• Exercise: Pictures stay out of the copy. Retype exactly the lines below from the one with "A mahogany secretary, forming" through the one with "Perhaps I should".

• Working data:
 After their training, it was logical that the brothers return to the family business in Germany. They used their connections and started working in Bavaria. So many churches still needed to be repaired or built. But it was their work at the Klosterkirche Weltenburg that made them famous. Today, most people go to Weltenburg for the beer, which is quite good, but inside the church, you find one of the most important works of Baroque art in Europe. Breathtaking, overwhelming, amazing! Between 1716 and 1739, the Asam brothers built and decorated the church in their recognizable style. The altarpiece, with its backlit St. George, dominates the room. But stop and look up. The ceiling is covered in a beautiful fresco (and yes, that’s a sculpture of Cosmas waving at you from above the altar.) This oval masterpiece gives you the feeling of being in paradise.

--

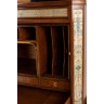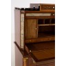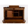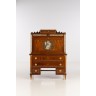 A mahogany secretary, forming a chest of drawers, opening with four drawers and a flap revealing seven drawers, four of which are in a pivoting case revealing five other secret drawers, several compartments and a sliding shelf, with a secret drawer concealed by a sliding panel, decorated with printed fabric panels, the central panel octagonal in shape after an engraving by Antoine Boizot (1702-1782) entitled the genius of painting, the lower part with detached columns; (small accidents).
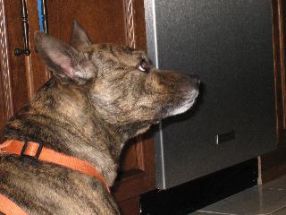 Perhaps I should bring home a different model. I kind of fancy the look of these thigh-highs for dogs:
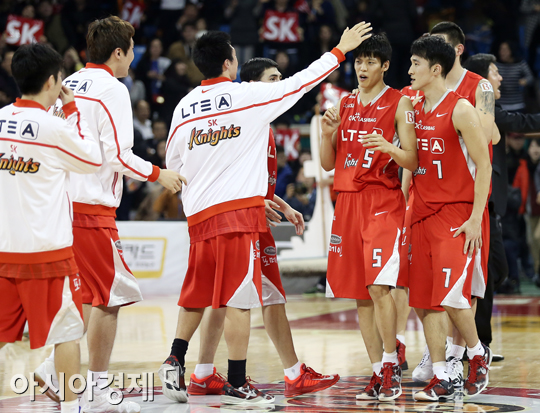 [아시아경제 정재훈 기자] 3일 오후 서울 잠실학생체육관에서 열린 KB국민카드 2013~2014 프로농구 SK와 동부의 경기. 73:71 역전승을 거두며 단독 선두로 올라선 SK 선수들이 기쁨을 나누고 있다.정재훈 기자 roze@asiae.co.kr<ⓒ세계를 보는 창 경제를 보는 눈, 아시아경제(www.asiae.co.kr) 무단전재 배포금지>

==

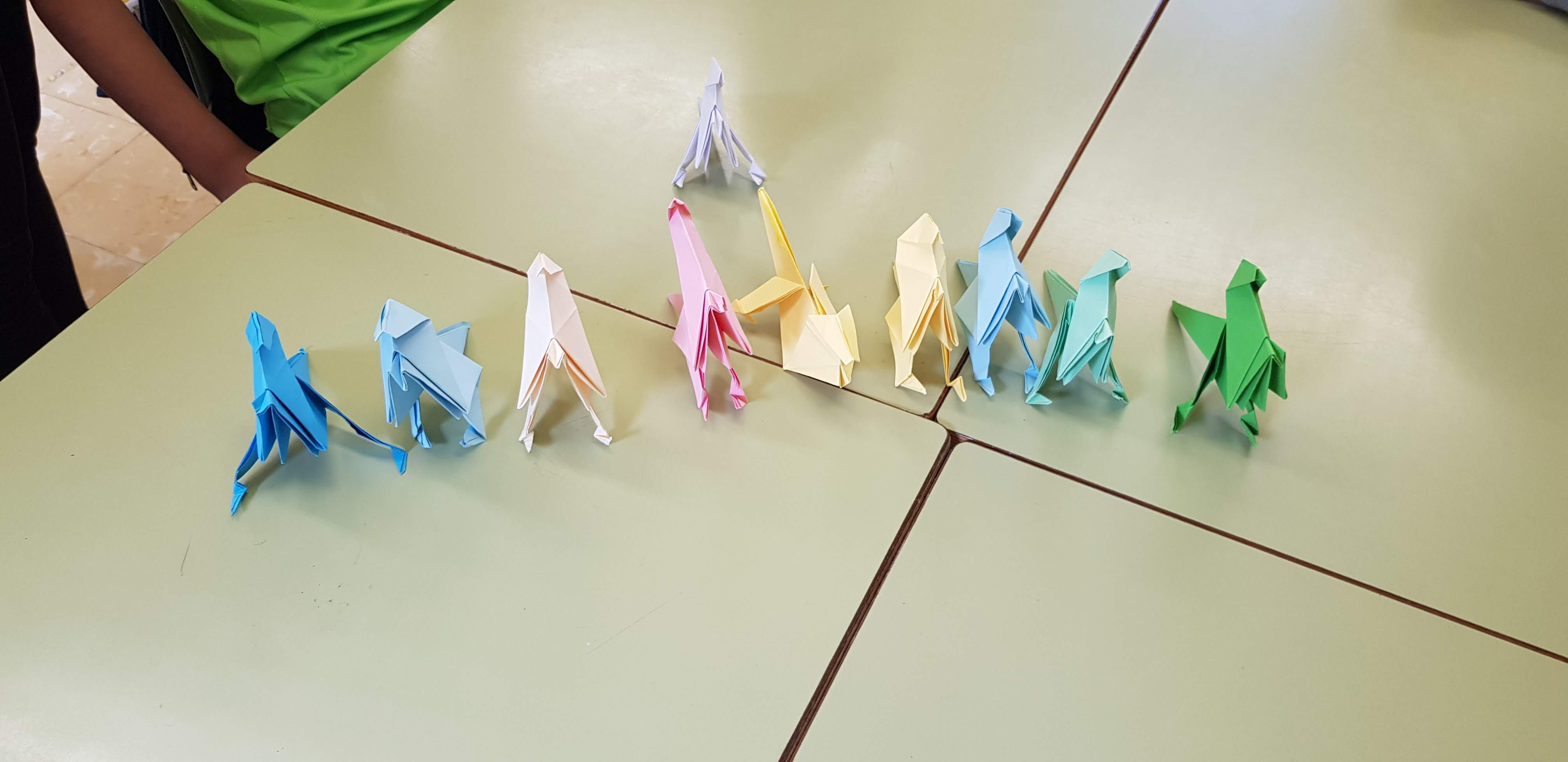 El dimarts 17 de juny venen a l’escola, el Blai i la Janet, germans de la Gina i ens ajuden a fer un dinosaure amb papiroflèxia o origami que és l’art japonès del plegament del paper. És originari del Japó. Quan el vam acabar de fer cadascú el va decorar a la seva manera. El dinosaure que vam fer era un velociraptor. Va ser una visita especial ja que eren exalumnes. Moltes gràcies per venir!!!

• The answer:
 A mahogany secretary, forming a chest of drawers, opening with four drawers and a flap revealing seven drawers, four of which are in a pivoting case revealing five other secret drawers, several compartments and a sliding shelf, with a secret drawer concealed by a sliding panel, decorated with printed fabric panels, the central panel octagonal in shape after an engraving by Antoine Boizot (1702-1782) entitled the genius of painting, the lower part with detached columns; (small accidents).
 Perhaps I should bring home a different model. I kind of fancy the look of these thigh-highs for dogs:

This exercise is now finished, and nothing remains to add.